WHAT THE EXERCISE ASKS:
Make an exact copy of the records below, leaving every image out.

ENTRIES SUPPLIED:
════════
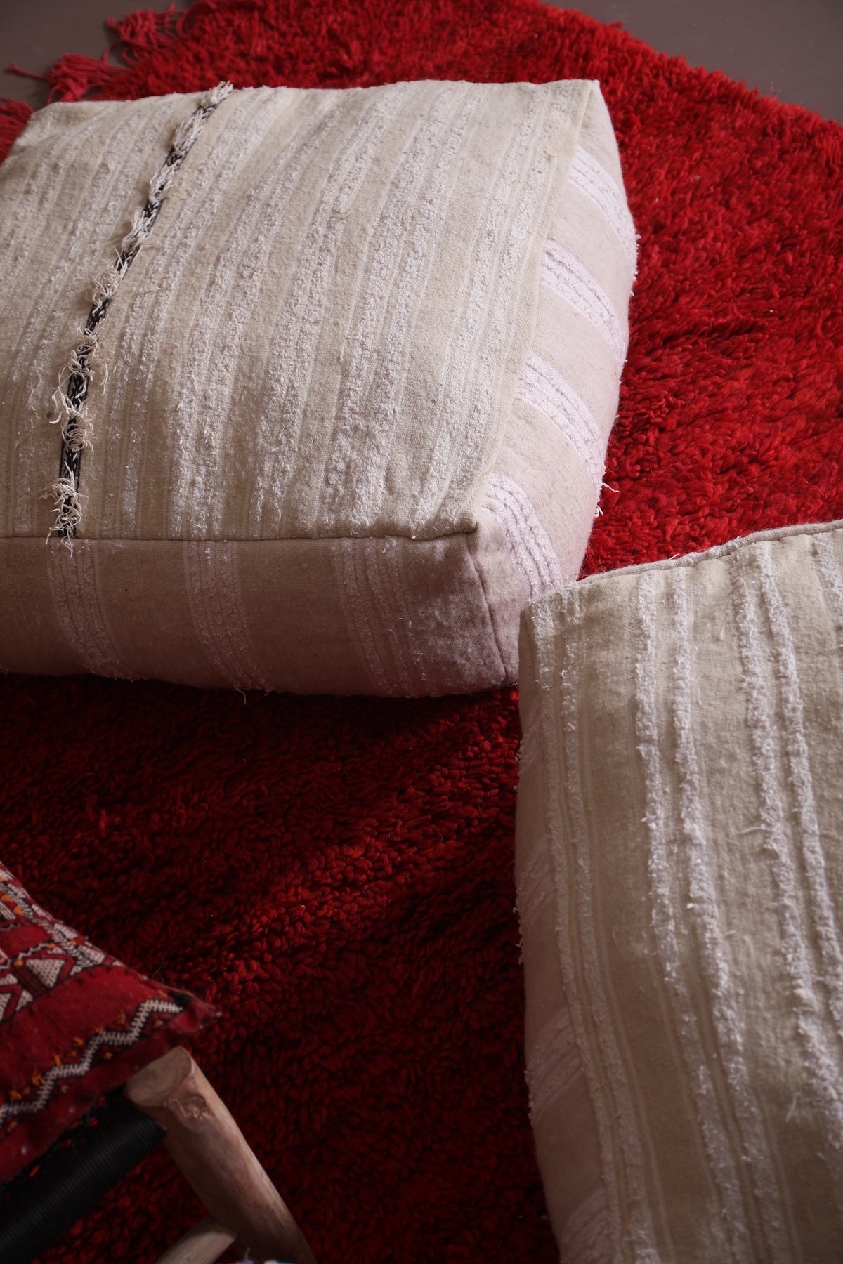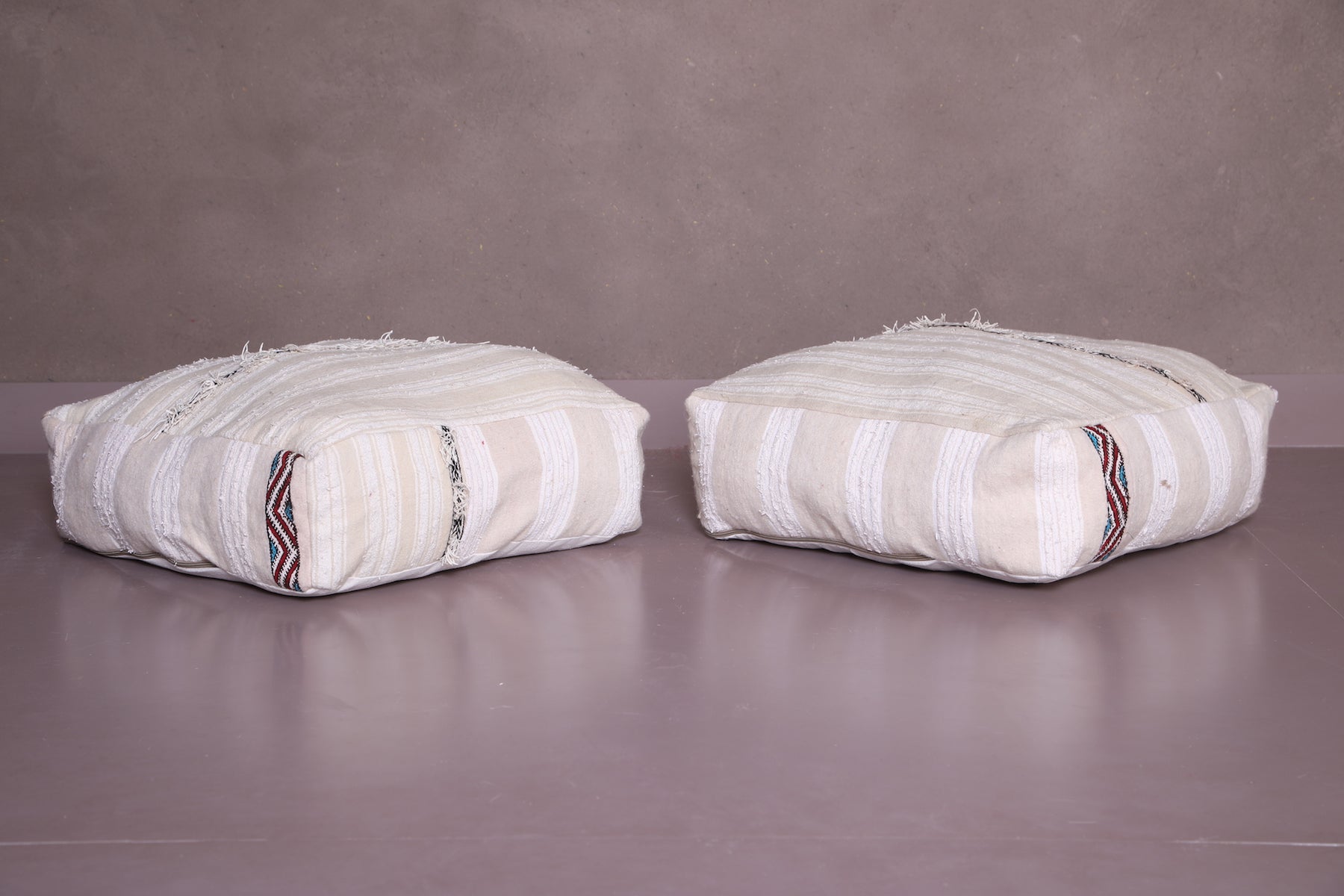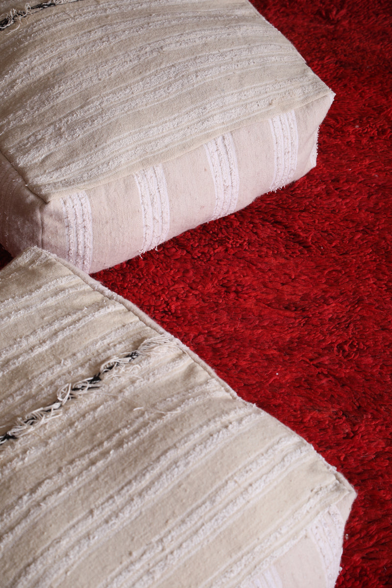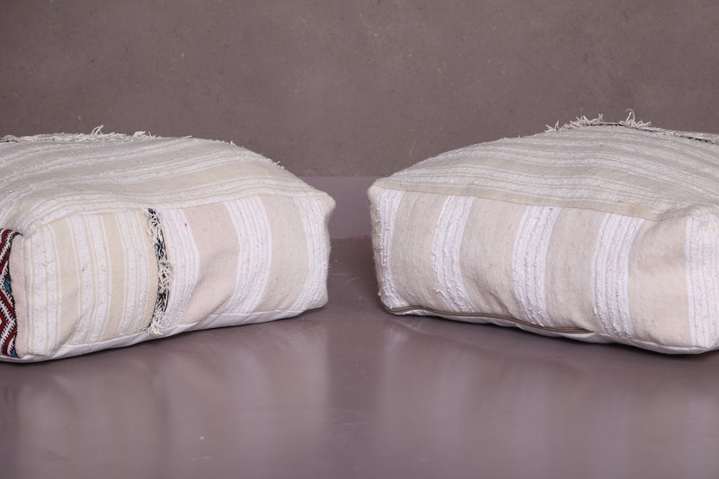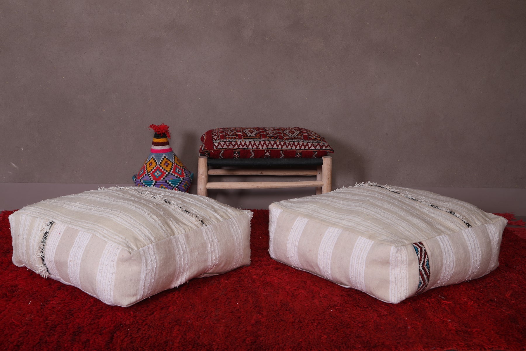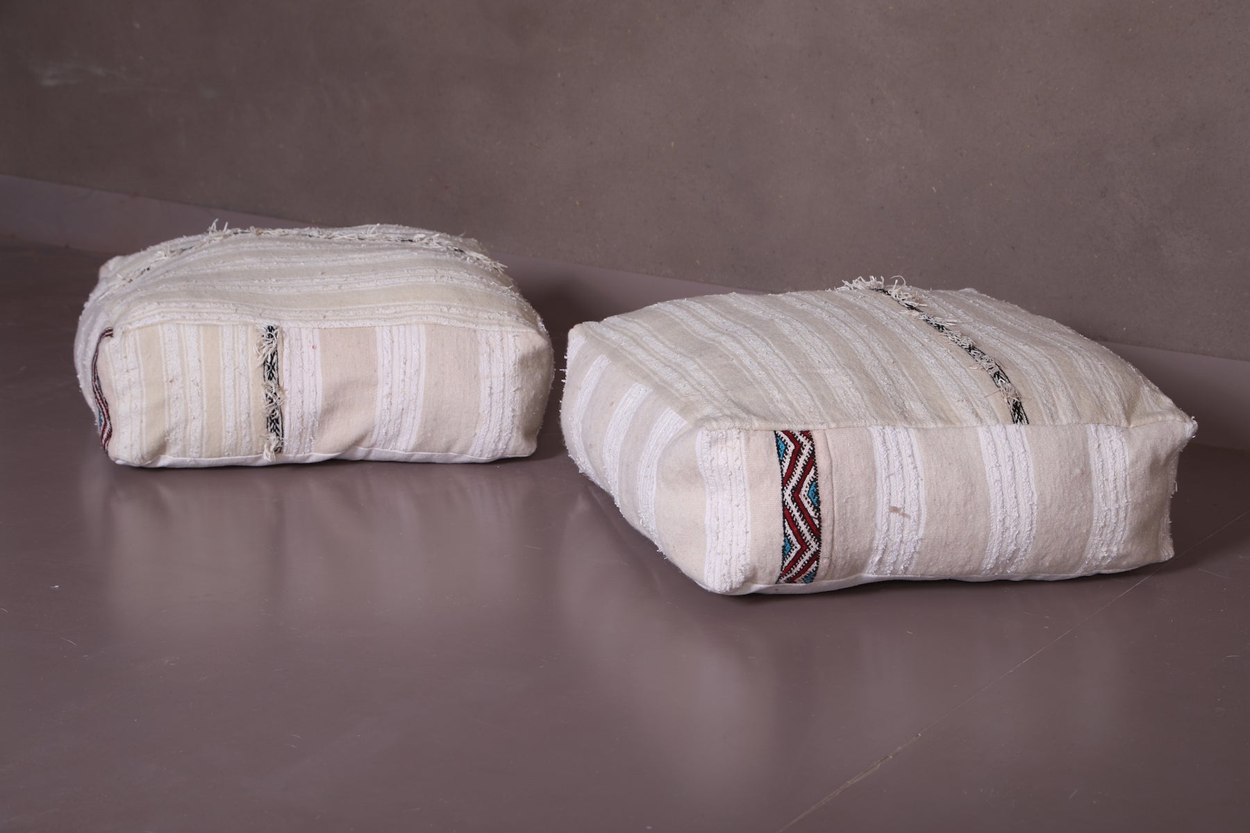 These twoMoroccan handwoven poufs are made by Very Old Moroccan rug.
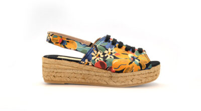 Sandalias de esparto con estampado de flores y cordones, de Gaimo.
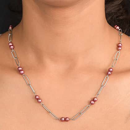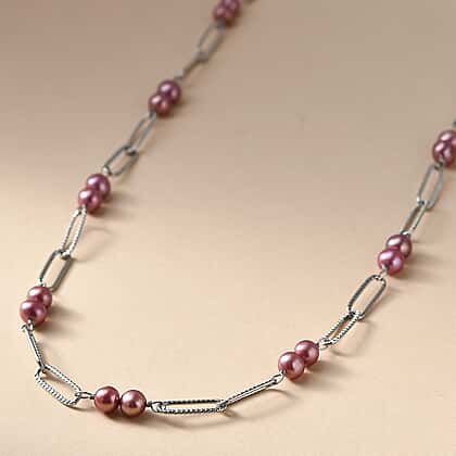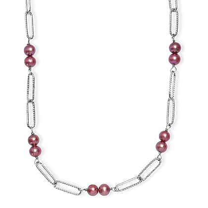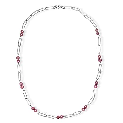 Bring vibrant charm to your outfit with this stunning dyed pink freshwater pearl necklace, a perfect fusion of artistry and beauty. The necklace is crafted with a paperclip design chain, offering a classy and captivating look. The design is complemented by the beauty of classy pink-toned pearls, providing a sophisticated look. Expertly crafted in pure stainless steel, this necklace includes durability and shine. The metal has hypoallergenic properties, making it suitable for sensitive skin. The elongated link design captures attention and can uplift any ensemble.
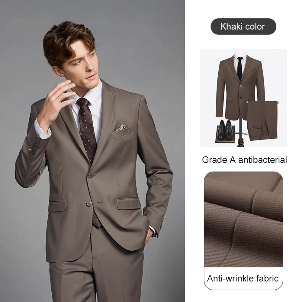 Men's Business Casual 2-Piece Suit with Two Buttoned Flat Lapels Breathable Graduation Attire
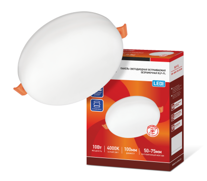 Панель светодиодная встраиваемая безрамочная RLP-FL 10Вт 230В 4000К 700Лм 100мм с рег. монтаж. 50-75мм белая IP20 IN HOME | код 4690612036687 | IN HOME
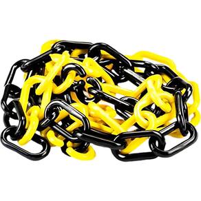 Corrente Pequena 100 Metros Preta e Amarela Plastcor A Corrente Grande Plastcor é fabricada em Polietileno de Alta Densidade (PEAD) e possui elos interligados por junções em formato de “S”, oferecendo resistência, leveza e alta visibilidade para criação de barreiras e guias em diferentes ambientes.
════════
OUTPUT:
 These twoMoroccan handwoven poufs are made by Very Old Moroccan rug.
 Sandalias de esparto con estampado de flores y cordones, de Gaimo.
 Bring vibrant charm to your outfit with this stunning dyed pink freshwater pearl necklace, a perfect fusion of artistry and beauty. The necklace is crafted with a paperclip design chain, offering a classy and captivating look. The design is complemented by the beauty of classy pink-toned pearls, providing a sophisticated look. Expertly crafted in pure stainless steel, this necklace includes durability and shine. The metal has hypoallergenic properties, making it suitable for sensitive skin. The elongated link design captures attention and can uplift any ensemble.
 Men's Business Casual 2-Piece Suit with Two Buttoned Flat Lapels Breathable Graduation Attire
 Панель светодиодная встраиваемая безрамочная RLP-FL 10Вт 230В 4000К 700Лм 100мм с рег. монтаж. 50-75мм белая IP20 IN HOME | код 4690612036687 | IN HOME
 Corrente Pequena 100 Metros Preta e Amarela Plastcor A Corrente Grande Plastcor é fabricada em Polietileno de Alta Densidade (PEAD) e possui elos interligados por junções em formato de “S”, oferecendo resistência, leveza e alta visibilidade para criação de barreiras e guias em diferentes ambientes.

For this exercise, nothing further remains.